#### Brief
Repeat the listing exactly, line by line, and leave the pictures behind.

#### Provided material
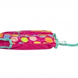 Design vibrant avec des cercles colorés sur un fond rose qui inspire les enfants à s'amuser dans l'eau.
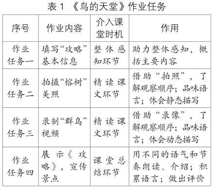 关键词:作业设计;项目化作业;《鸟的天堂》;语文要素
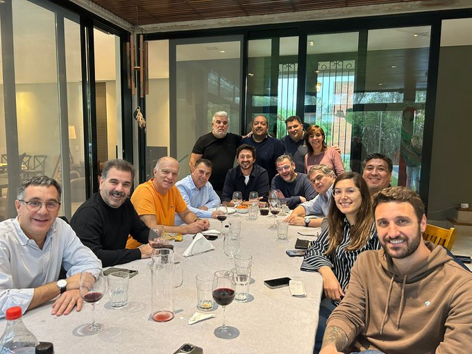 Compartieron el asado en la casa de Grindetti: Santiago López Medrano, Hernán Bertellys (Azul), Walter Lanaro, Roberto Quattromano, Finocchiaro, Matías Ranzini, Yeza, Rita Sallaberry (Lujan). Karina Spalla, Adrian Urrelli y Gustavo Vélez.
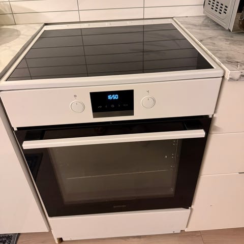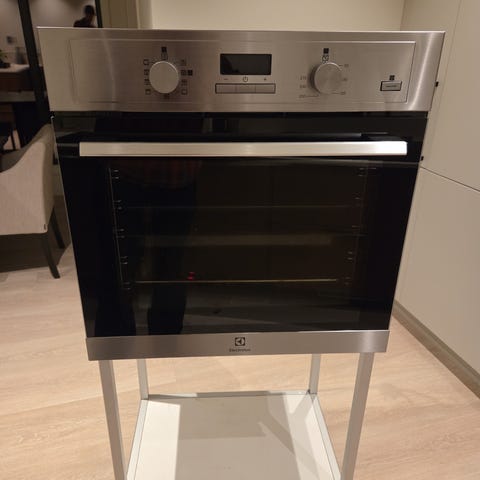 Gorenje stekeovn innbyggingsovn i rustfritt stål med sort front. Tre trinn pyrolyse. Ovnen har vifte i bakvegg for varmluftsfunksjon og flere riller for plassering av stekebrett og rister. Alt er komplett. Fronten har display og to betjeningsknapper for valg av funksjoner og temperatur. Egnet som innbyggingsovn på kjøkken, krever fast tilkobling i kjøkkeninnredning etter gjeldende forskrifter. Må skifte to lyspærer inni ovnen. Bud over 500,-
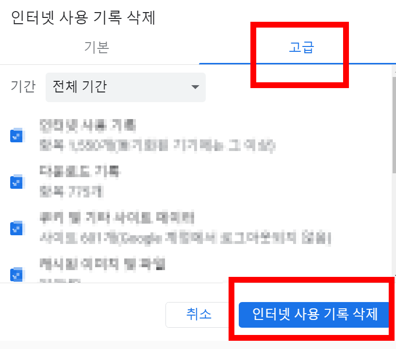 - 인터넷 사용기록 삭제> 고급> 삭제: 여기서 중요한 점은 기본애서 기록 삭제하면 해결 안 됩니다. 고급으로 가서 체크박스 전부 설정한 루 삭제하셔야 해결됩니다.

#### Result for this exercise
 Design vibrant avec des cercles colorés sur un fond rose qui inspire les enfants à s'amuser dans l'eau.
 关键词:作业设计;项目化作业;《鸟的天堂》;语文要素
 Compartieron el asado en la casa de Grindetti: Santiago López Medrano, Hernán Bertellys (Azul), Walter Lanaro, Roberto Quattromano, Finocchiaro, Matías Ranzini, Yeza, Rita Sallaberry (Lujan). Karina Spalla, Adrian Urrelli y Gustavo Vélez.
 Gorenje stekeovn innbyggingsovn i rustfritt stål med sort front. Tre trinn pyrolyse. Ovnen har vifte i bakvegg for varmluftsfunksjon og flere riller for plassering av stekebrett og rister. Alt er komplett. Fronten har display og to betjeningsknapper for valg av funksjoner og temperatur. Egnet som innbyggingsovn på kjøkken, krever fast tilkobling i kjøkkeninnredning etter gjeldende forskrifter. Må skifte to lyspærer inni ovnen. Bud over 500,-
 - 인터넷 사용기록 삭제> 고급> 삭제: 여기서 중요한 점은 기본애서 기록 삭제하면 해결 안 됩니다. 고급으로 가서 체크박스 전부 설정한 루 삭제하셔야 해결됩니다.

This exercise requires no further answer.